The arrest of prominent lawyer Ini Benjamine Esther Doli has sparked widespread condemnation from the country’s legal community, amid growing fears of escalating repression under Captain Ibrahim Traoré’s military government.
Ms. Doli was detained in Ouagadougou during the night of August 31 to September 1, accused of “treason” and “insulting” the head of state after publishing Facebook posts denouncing alleged human rights abuses by the junta. Her current whereabouts remain unknown, and the Burkina Faso Bar Association has demanded her immediate release.
According to the bar’s president, armed men claiming to be gendarmes forcibly entered the lawyer’s residence before taking her away.

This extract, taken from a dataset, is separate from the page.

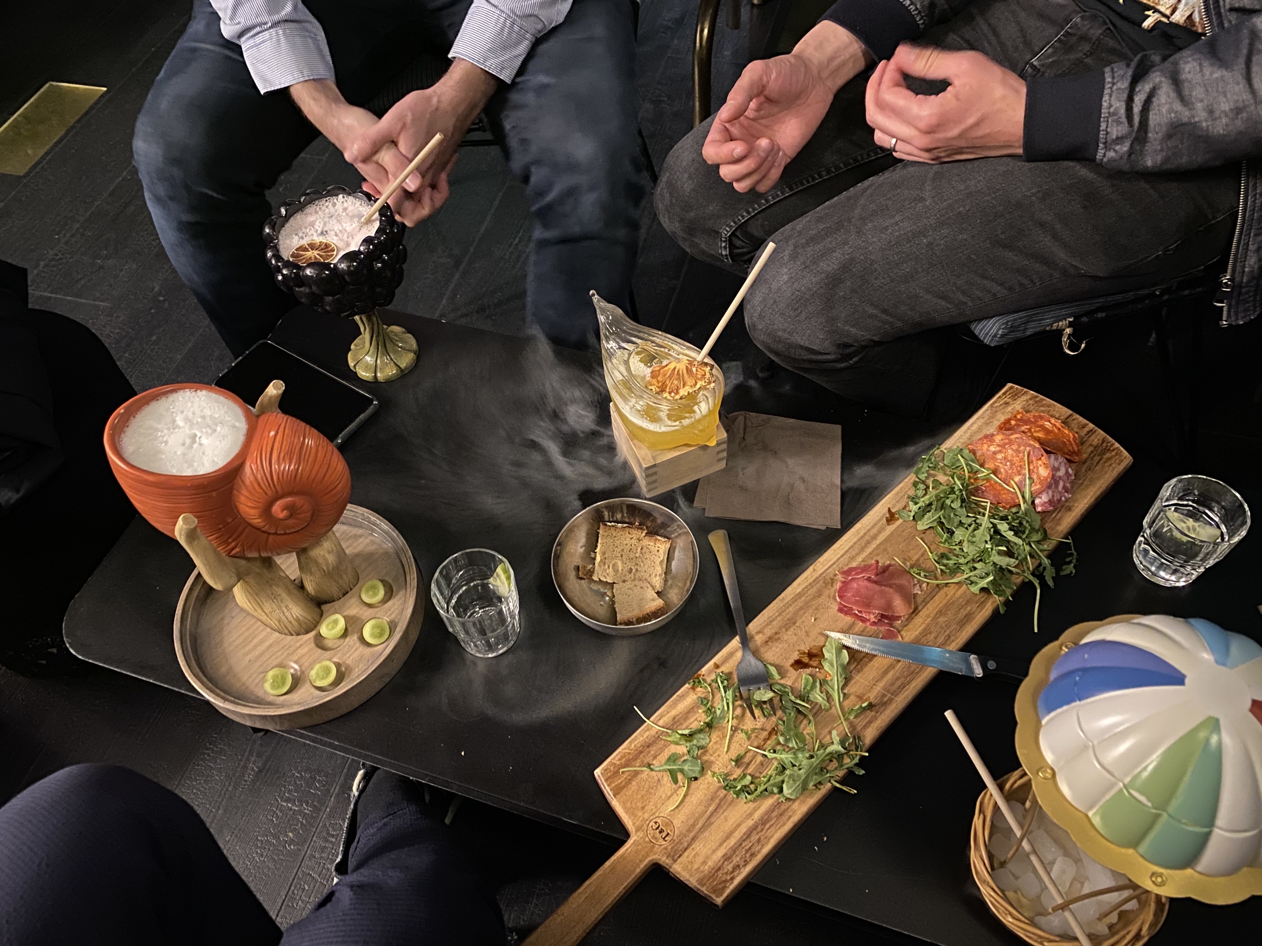 Cocktails très originaux et surprenants ! Le bar vaut le détour effectivement. Par contre, il est exiguë et donc assez bruyant, nous avions du mal à nous entendre. Les planches sont vraiment décevantes par contre... Quelques tranches de charcuterie seulement et une rondelle par fromage, vraiment léger pour le prix ! On a donc opté pour 3 burgers et 1 hot dog en plus : nous avons attendu 40mn avant d'être servies et le hot dog est arrivé 20mn après les burgers... Je ne pense pas y retourner malheureusement mais c'est à faire au moins une fois je pense.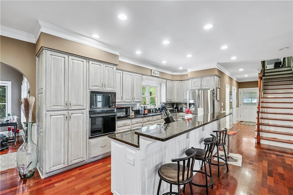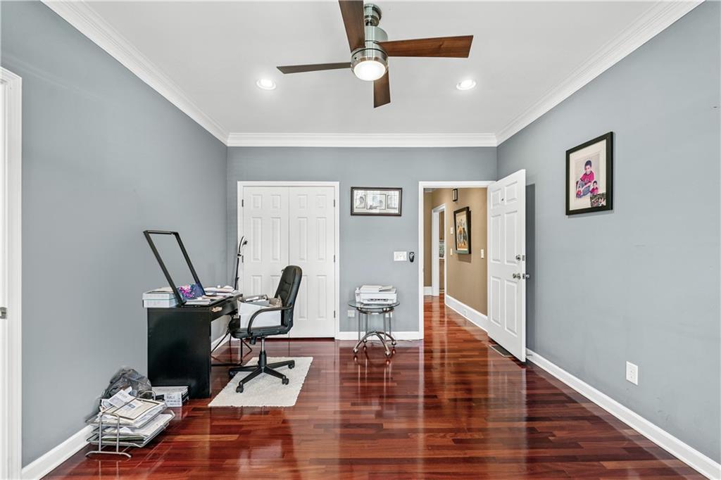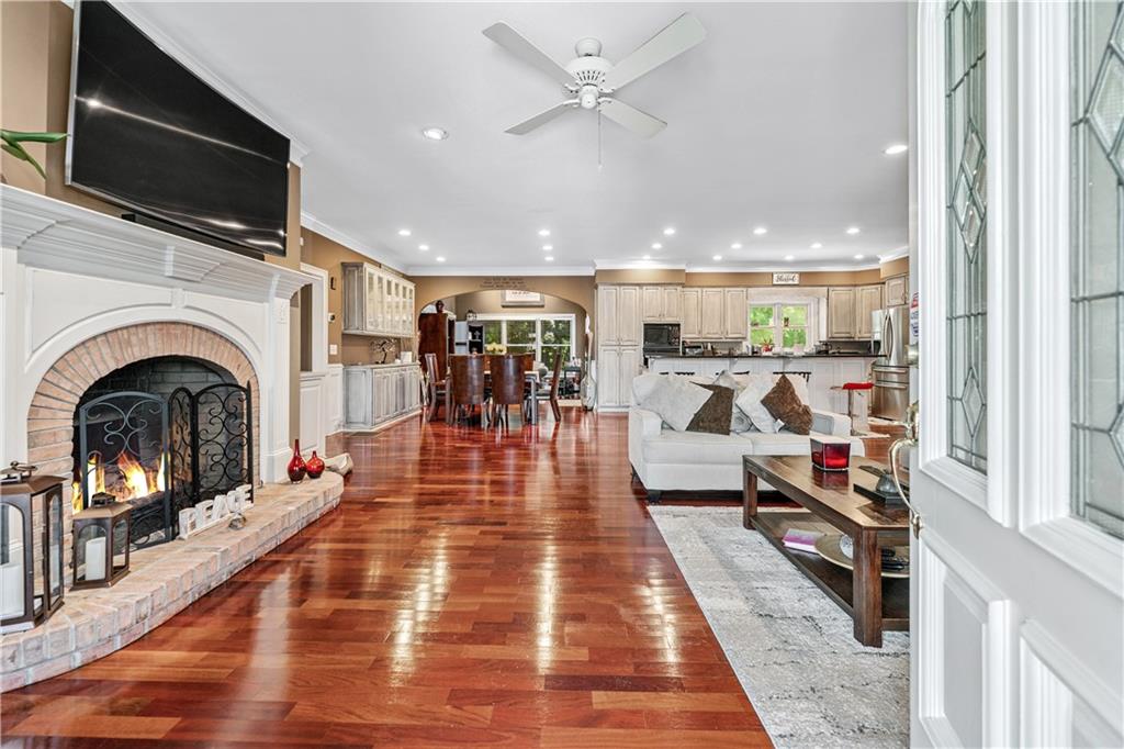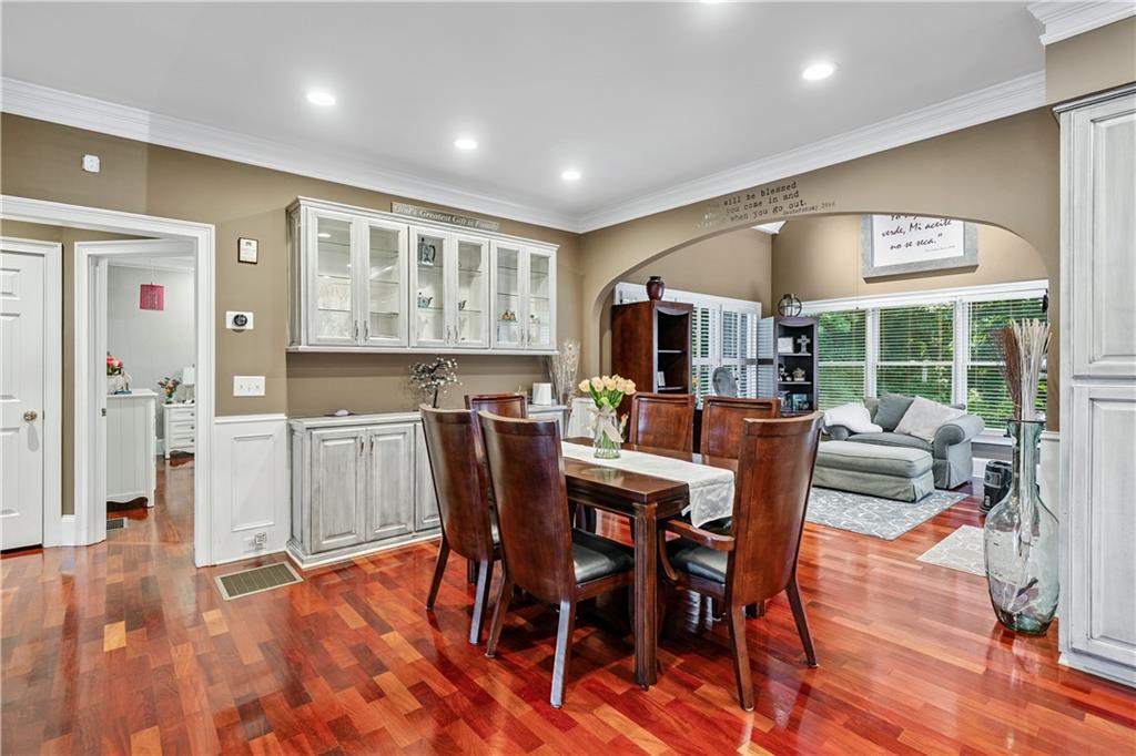 YOU CAN GET RENTAL INCOME FROM THE THREE IN-LAW UNITS AT THE BASEMENT WHILE YOU ARE LIVING IN THE HOUSE. THE THREE UNITS HAVE A SEPARATE ENTRANCE FROM THE MAIN HOUSE. INVESTORS, THIS COMMUNITY DOESN'T HAVE RENTAL RESTRICTIONS. UNIQUE BEAUTY ON A HILL This stunning 4-sided brick ranch is full of upgrades and perfectly designed for comfort, style, and everyday living. Inside, you'll find gorgeous Brazilian cherry hardwood floors, an open floor plan, and a spacious primary suite on the main level with a built-in safe and master bathroom with a warming feature. Two secondary bedrooms on the main floor and the 4th bedroom upstairs. All bedrooms include en-suite bathrooms, offering privacy for every occupant. The plantation shutters, custom trim, and built-ins throughout give the home a classic. Enjoy the bright sunroom/keeping room, cozy gas fireplaces, and a kitchen with granite countertops—perfect for cooking and entertaining. Downstairs, the finished basement features a game room, exercise room, workshop, office, or extra bedroom with its private entrance. This home offers rare flexibility with three separate in-law suites in the basement, each featuring its full bathroom and kitchenette. Whether you're accommodating extended family, multi-generational living, or looking for income-producing rental potential, this setup makes it easy and convenient. All appliances stay with the house for your convenience. With 3 garage spaces, a large fenced backyard, and a huge expandable attic, this home truly has it all. Located in a highly desirable area of Buford, this property is move-in ready and built to impress. See this one-of-a-kind home today before it's gone!

Prosecutors allege that her online posts constituted criminal offenses, citing her criticism of the regime and her open letter to Russian President Vladimir Putin, in which she urged Moscow to intervene for the release of what she described as “unjustly imprisoned” detainees.
The case has intensified scrutiny of the junta’s crackdown on dissent since Captain Traoré seized power in September 2022. Lawyers, journalists, civil society activists, and even members of the military have faced arrest, abduction, or intimidation for voicing criticism.
While the government promotes its rule as a “sovereignist revolution,” it has openly acknowledged that Burkina Faso “is not a democracy.”
This stance, coupled with ongoing restrictions on civic freedoms, has raised alarms among human rights groups both domestically and internationally.
Burkina Faso remains locked in a decade-long battle against jihadist insurgencies that have destabilized large parts of the country and displaced millions. Critics warn that the arrest of Ms. Doli reflects a broader erosion of fundamental freedoms in the name of national security, leaving the country’s fragile civic space under mounting pressure.